Department of Biosciences, University of Eastern Finland, PO Box 1627, FIN-70211 Kuopio, Finland.
BMC Bioinformatics. 2011 May 19;12:171. doi: 10.1186/1471-2105-12-171.
A major challenge in genomic research is identifying significant biological processes and generating new hypotheses from large gene sets. Gene sets often consist of multiple separate biological pathways, controlled by distinct regulatory mechanisms. Many of these pathways and the associated regulatory mechanisms might be obscured by a large number of other significant processes and thus not identified as significant by standard gene set enrichment analysis tools.
We present a novel method called Independent Enrichment Analysis (IEA) and software TAFFEL that eases the task by clustering genes to subgroups using Gene Ontology categories and transcription regulators. IEA indicates transcriptional regulators putatively controlling biological functions in studied condition.
We demonstrate that the developed method and TAFFEL tool give new insight to the analysis of differentially expressed genes and can generate novel hypotheses. Our comparison to other popular methods showed that the IEA method implemented in TAFFEL can find important biological phenomena, which are not reported by other methods.

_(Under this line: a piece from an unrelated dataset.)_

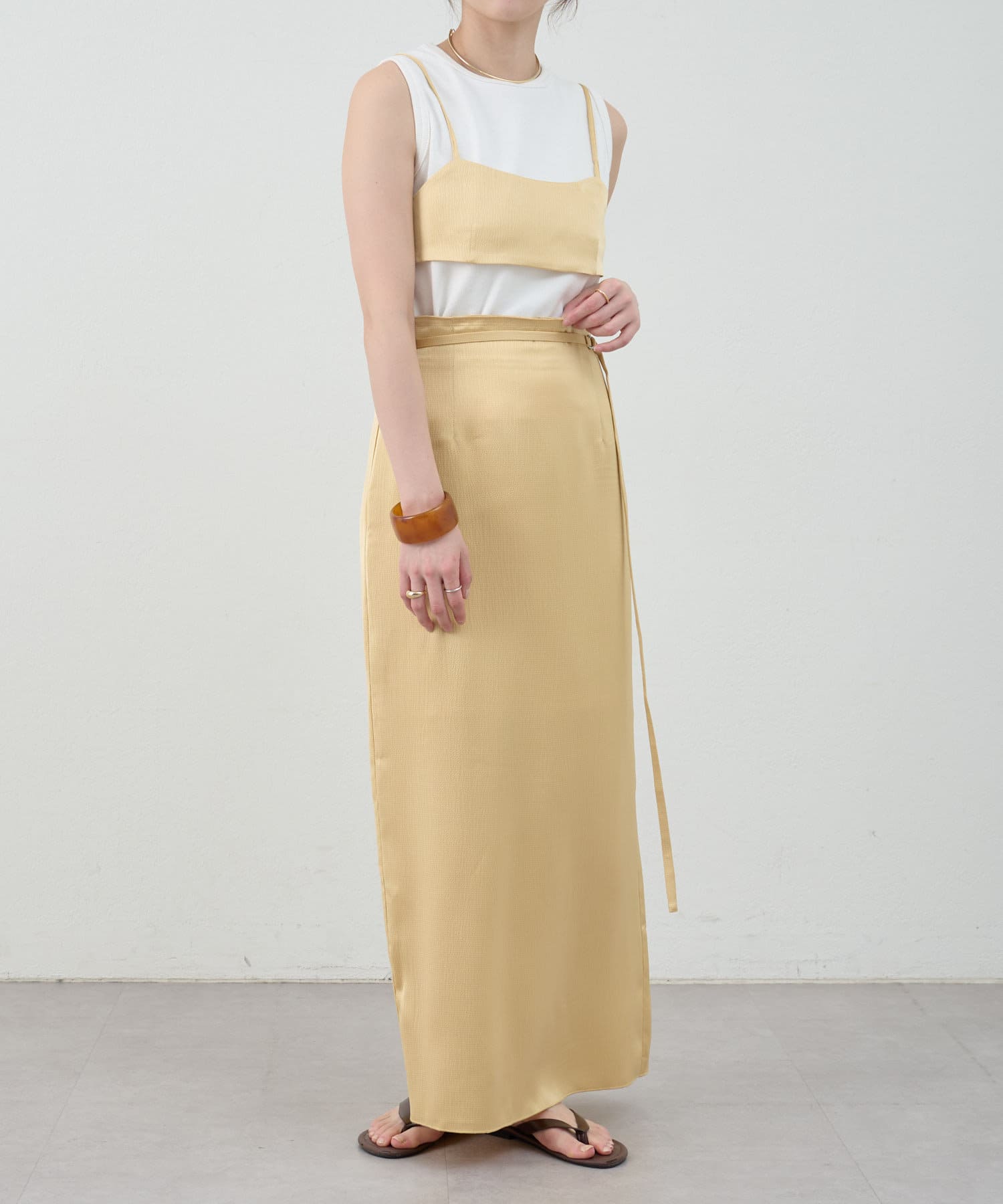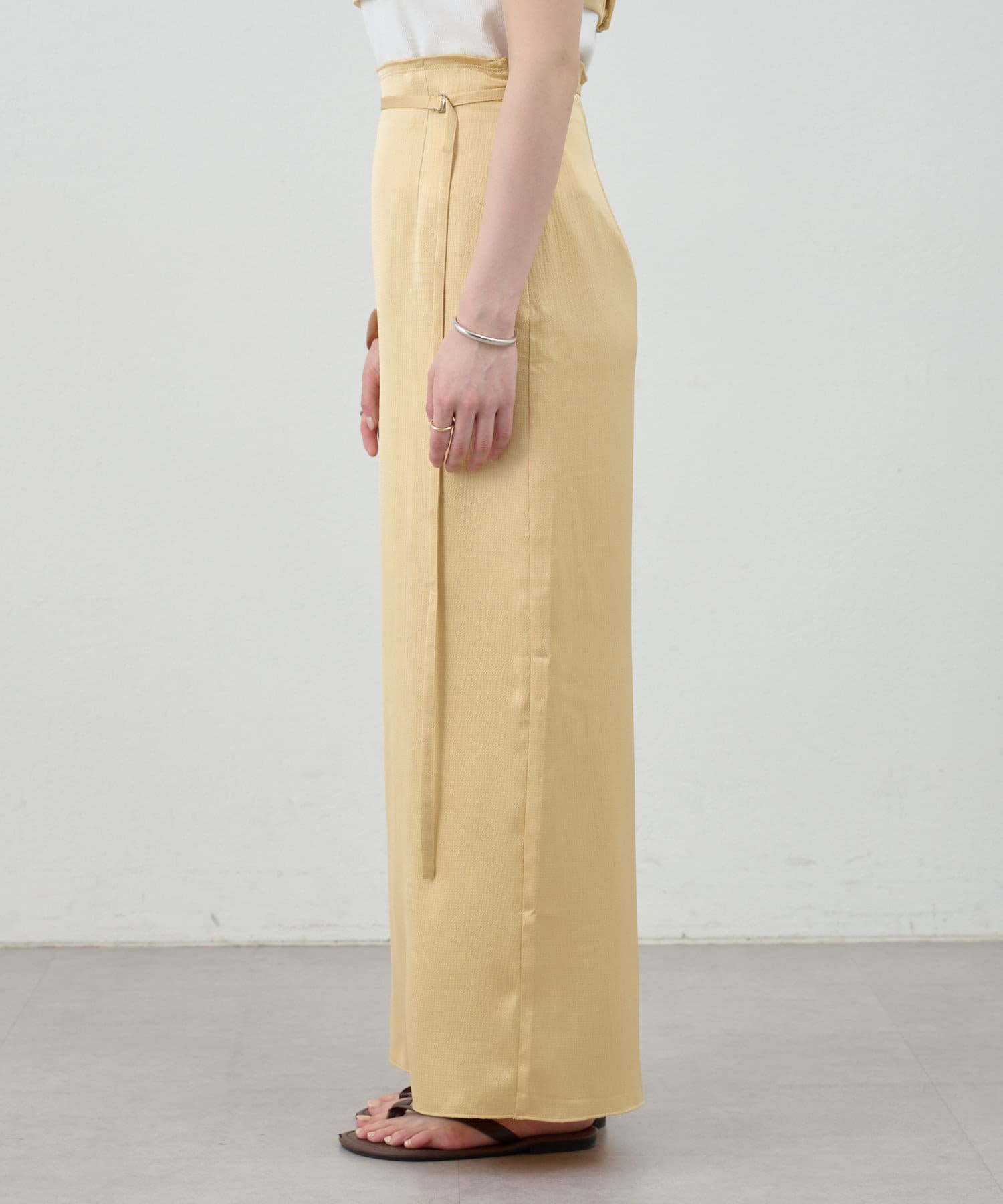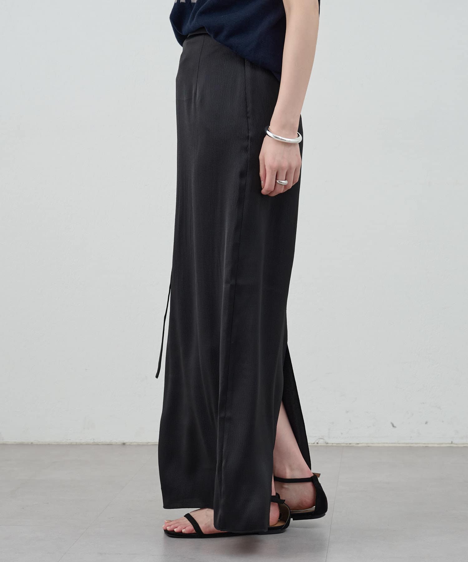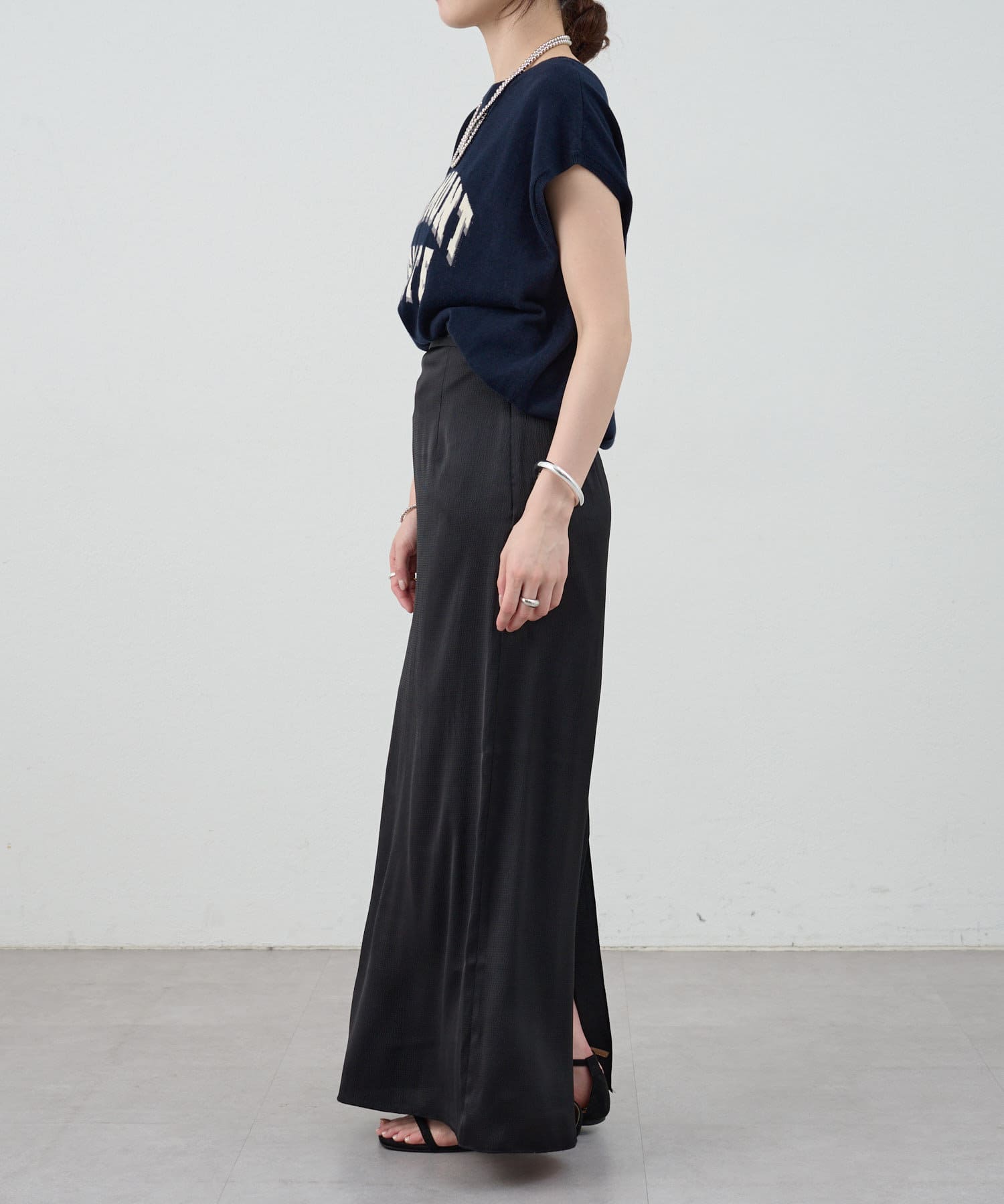 一年中、スタイリングが楽しめるサテンスカート。

基因组研究中的一个主要挑战是从大型基因集中识别重要的生物过程并生成新的假设。基因集通常由多个独立的生物途径组成,由不同的调控机制控制。其中许多途径和相关的调控机制可能会被大量其他重要过程所掩盖,因此不会被标准的基因集富集分析工具识别为重要。
我们提出了一种新的方法,称为独立富集分析(IEA)和软件 TAFFEL,它通过使用基因本体论类别和转录调节剂将基因聚类到子组中,从而简化了任务。IEA 指示在研究条件下可能控制生物功能的转录调节剂。
我们证明,所开发的方法和 TAFFEL 工具为差异表达基因的分析提供了新的见解,并可以生成新的假设。我们与其他流行方法的比较表明,TAFFEL 中实现的 IEA 方法可以发现其他方法未报告的重要生物学现象。